There is another foo
inside the bar
.
<bar id="b1">
<foo ref="f1" />
</bar>
All the examples found online use the function that finds all elements that are somewhere inside the tree under the given node.
Maybe, still looking for one. (There might be one - or not.)
Currently testing getting lists using
xmlNode.childNodes
The problem with this seems to be that getElementsByTagName
is not available on the nodes you get. But I do not care.
And it stops on lower layers for some reason. So I'm looking into accessing elements of the lists.
Starting to look into
xmlNode.childNodes.item(i)
because it is not working as intended yet. (0 calls to the functions analyzing the graph)
If you don't want to run into this problem: use a different module. (See post by Alessandro.)

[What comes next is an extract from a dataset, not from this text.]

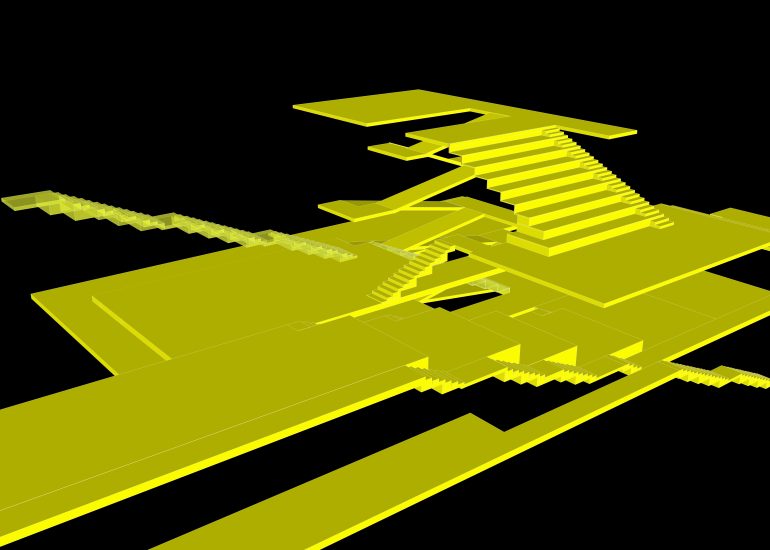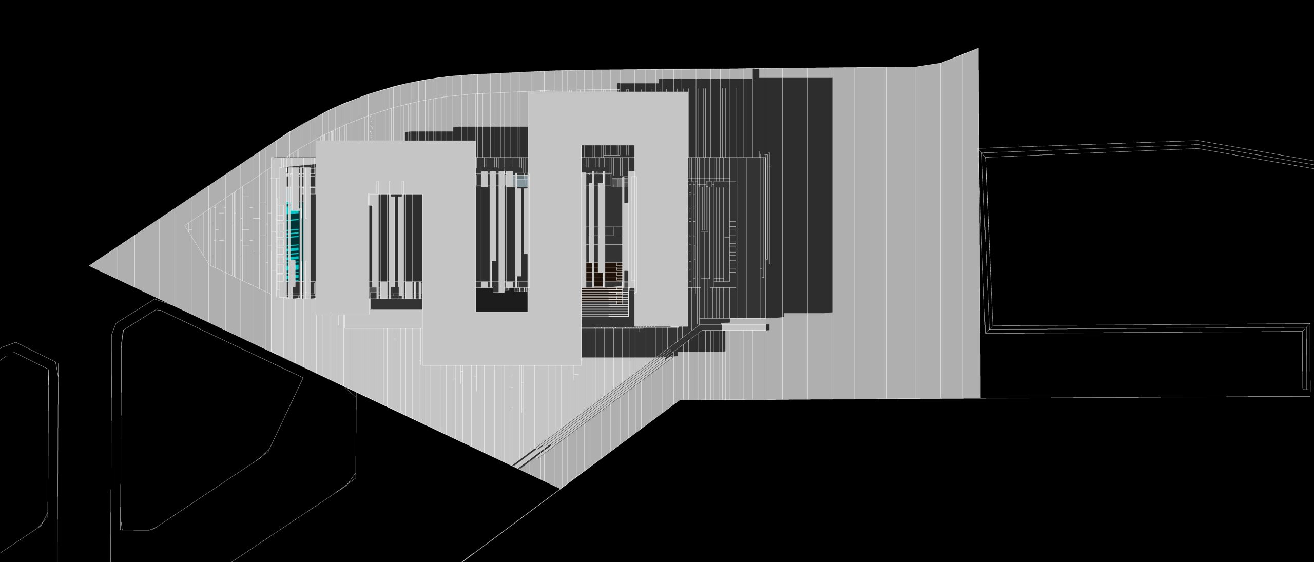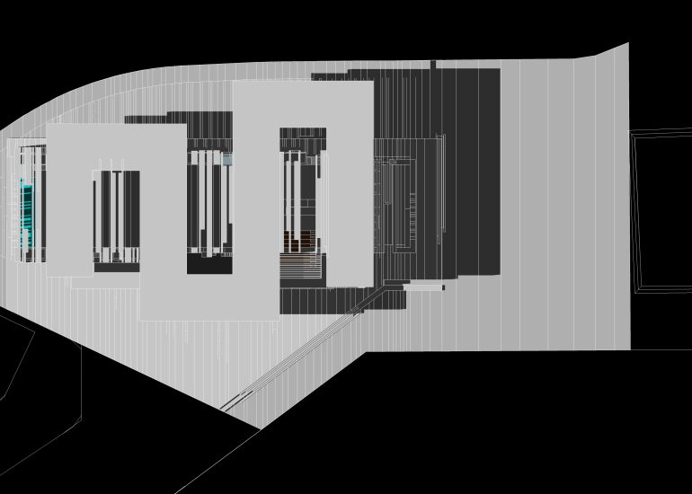 Above this massive wooden block floats the linear, almost weightless structure, like a cloud above the landscape. It winds lightly, like a thought, over the city, like a serpent of light and material. Within it are the exhibition spaces – the very heart of the museum. Two distinct, almost razor-sharp volumes – the massive block and the airy line – unite into a new architectural sculpture, where content and object are inseparably intertwined.

TL;DR: Most of the examples you can find online assume that you are not looking for the direct child of a node or that nodes of the same type are not on lower layers of the (sub)tree you are searching in.
-> Examples can be wrong / insufficient. RTFM ;)
Upvotes: 1
Reputation: 38
Not really sure what you wanted to get out of the directed children, so gave you a few different examples.
from lxml import etree
root = etree.fromstring(xml)
for node in root.iter("graph"):
#To get the namespaces of the direct children
namespaces = [child.namespace for child in node]
#To get the tags of the direct children
tags = [child.tag for child in node]
#To get the text of the direct children
texts = [child.text for child in node]
Upvotes: 1